Work instruction >>
Output, word for word, the line that contains "2024年12月11日,黑龙" and all lines after it in the records below, omitting pictures.

Source material >>

- - - - - - -

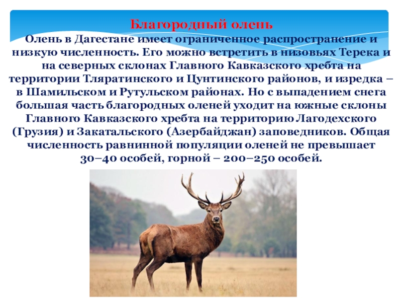 можно встретить в низовьях Терека и на северных склонах Главного Кавказского хребта на территории Тляратинского и Цунтинского районов, и изредка – в Шамильском и Рутульском районах. Но с выпадением снега большая часть благородных оленей уходит на южные склоны Главного Кавказского хребта на территорию Лагодехского (Грузия) и Закатальского (Азербайджан) заповедников. Общая численность равнинной популяции оленей не превышает 30–40 особей, горной – 200–250 особей.
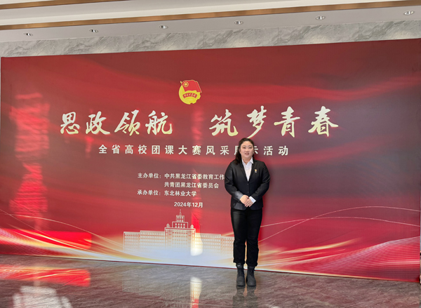 2024年12月11日,黑龙江省“思政领航 筑梦青春”团课大赛在东北林业大学科学会堂举行。大赛启动后,各高校积极响应。我院两支队伍经过校级初赛进入省级评审阶段,分别荣获教师组省级三等奖和学生组省级二等奖。学生组获奖团队由孙禹彤、孙萌、马雨竹、张宝丹四人组成,作品以实践研学为主题,展现了青年学生的蓬勃朝气与爱国情怀。教师组获奖者为团总支教师副书记刘珈岐,其作品深入阐述东北抗联精神,为青年学生提供了宝贵的精神财富和思想指引。
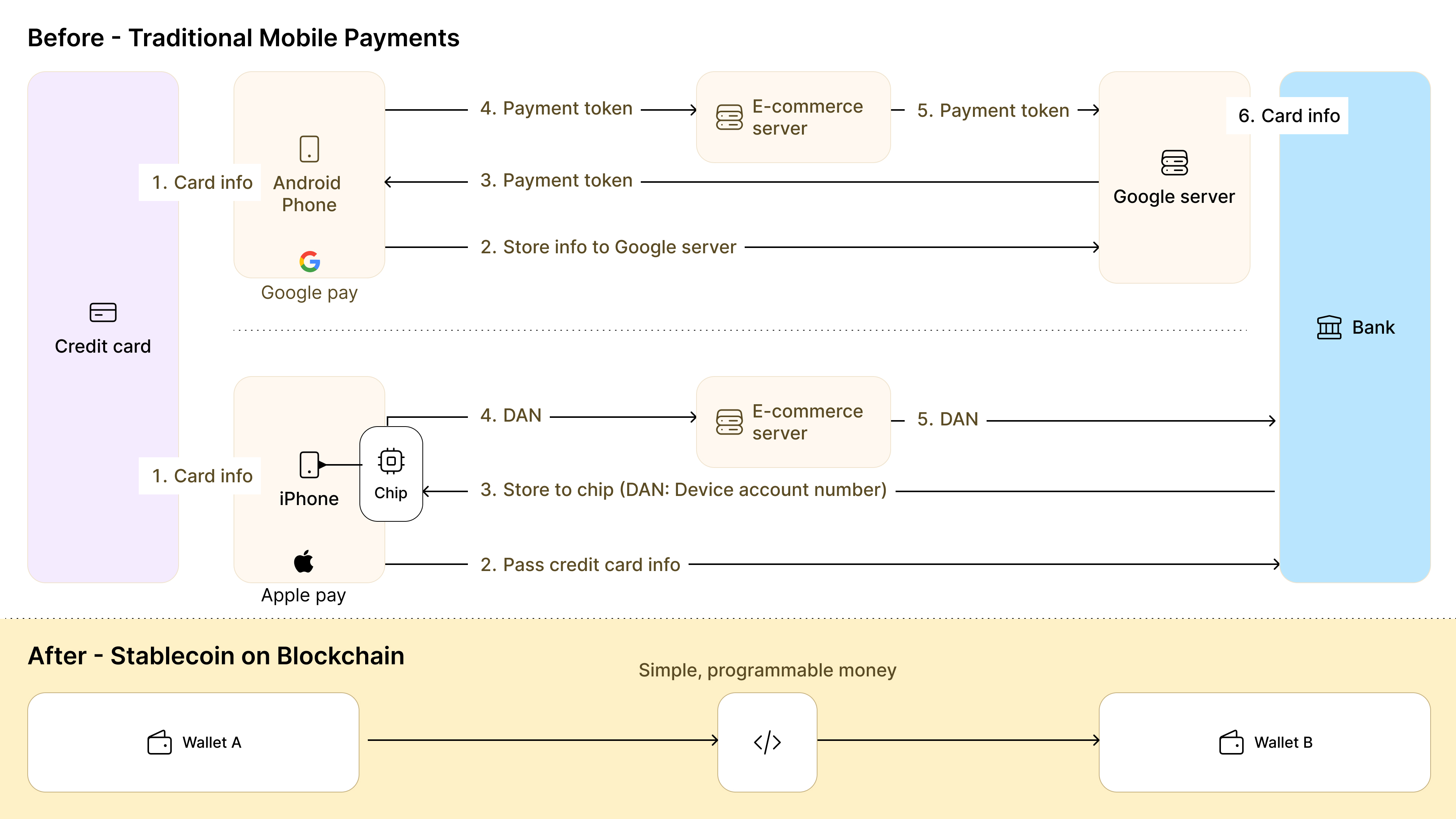 Blockchain–based stablecoins transform this equation entirely. A cryptographically signed stablecoin transfer from wallet to wallet achieves what traditional systems cannot:
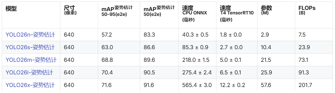 Ultralytics的YOLO26模型提供专门的姿势估计模型以支持姿势估计,其主要预训练模型及参数如下表所示,其中的"e2e" 代表端到端性能。
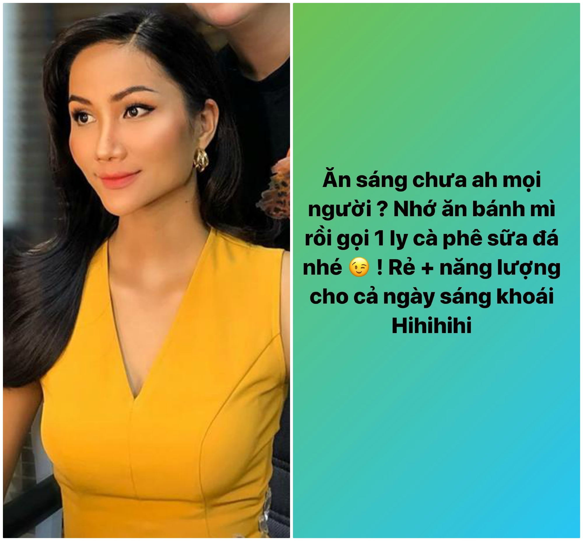 Mới đây, người hâm mộ cảm thấy vô cùng tò mò khi đương kim Hoa hậu Hoàn vũ Việt Nam - H'Hen Niê đăng tải dòng trạng thái khuyên fan dùng bữa sáng với bánh mì và cà phê. Sau chia sẻ này fan sắc đẹp nghi vấn H'Hen Niê đang “úp mở” việc á hậu Hoàng Thùy đã chọn “Cafe phin sữa đá” là National Costume mang đến Miss Universe 2019.

- - - - - - -

The completed task >>
 2024年12月11日,黑龙江省“思政领航 筑梦青春”团课大赛在东北林业大学科学会堂举行。大赛启动后,各高校积极响应。我院两支队伍经过校级初赛进入省级评审阶段,分别荣获教师组省级三等奖和学生组省级二等奖。学生组获奖团队由孙禹彤、孙萌、马雨竹、张宝丹四人组成,作品以实践研学为主题,展现了青年学生的蓬勃朝气与爱国情怀。教师组获奖者为团总支教师副书记刘珈岐,其作品深入阐述东北抗联精神,为青年学生提供了宝贵的精神财富和思想指引。
 Blockchain–based stablecoins transform this equation entirely. A cryptographically signed stablecoin transfer from wallet to wallet achieves what traditional systems cannot:
 Ultralytics的YOLO26模型提供专门的姿势估计模型以支持姿势估计,其主要预训练模型及参数如下表所示,其中的"e2e" 代表端到端性能。
 Mới đây, người hâm mộ cảm thấy vô cùng tò mò khi đương kim Hoa hậu Hoàn vũ Việt Nam - H'Hen Niê đăng tải dòng trạng thái khuyên fan dùng bữa sáng với bánh mì và cà phê. Sau chia sẻ này fan sắc đẹp nghi vấn H'Hen Niê đang “úp mở” việc á hậu Hoàng Thùy đã chọn “Cafe phin sữa đá” là National Costume mang đến Miss Universe 2019.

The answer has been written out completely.